I think the larvae of the Amercian version are somewhat focused on new oak growth for food. They are not too uncommon here in TN, but it seems like the season to see adults is pretty short. I usually see them when the local little league baseball park has some night games going with their giant metal halides going.
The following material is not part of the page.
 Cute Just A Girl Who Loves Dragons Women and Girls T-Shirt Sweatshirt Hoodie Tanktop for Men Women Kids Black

What do the Japanese counterparts eat Tom?


----------



## Heather (Jun 7, 2011)

Have only seen one of these once, in Mass. Really spectacular creatures.


----------



## Clark (Jun 7, 2011)

Really nice find! Tough getting unblemished.
They don't last too long w/o mouth parts.
Had one in yard last year, wings were shredded. On it's last leg, so to speak.


----------



## jmelot (Jun 7, 2011)

Oh, beautiful! Thanks for posting it.

Luna moths are my favorite moths (except maybe for sphinx moths). I grew up in an oak forest and we used to find dead ones occasionally, always decapitated (!?). I once raised one from its cocoon - I happily remember the night we released the new adult.


----------



## W. Beetus (Jun 7, 2011)

Stunning! I would love to see one some day. I believe they only live about 30 days or so...


----------



## KyushuCalanthe (Jun 8, 2011)

Rick said:


> What do the Japanese counterparts eat Tom?



Sushi? :rollhappy:

Ah, well, there are a large number of oak species in Japan, so maybe that is their fare here as well.
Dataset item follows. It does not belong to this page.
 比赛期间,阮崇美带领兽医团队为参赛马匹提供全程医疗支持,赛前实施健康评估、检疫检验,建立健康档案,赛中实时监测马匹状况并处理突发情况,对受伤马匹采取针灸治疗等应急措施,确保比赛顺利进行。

I think this one was newly out since it was completely unblemished and unable to move. There was a typhoon the night before in fact, so if this guy had been out he would have been ripped to shreds.


----------



## fundulopanchax (Jun 8, 2011)

A magnificient moth, Tom! I usually see a Luna Moth in the US every three years or so by accident. I think they are much more common than this frequency suggests since I did a photography project a few years back where I set up a white sheet by the woods and shone a light on it. In the morning I went to see what was still attached and nearly every night there was a Luna moth. They were different moths I am sure since each night I did woods that were a few miles apart.

Ron


----------



## biothanasis (Jun 9, 2011)

Amazingly beautiful!!! Thank you for sharing!!


----------



## NYEric (Jun 9, 2011)

Pretty, I saw one once in our apt when I was younger. In this setiing it reminds me of Totoro!


----------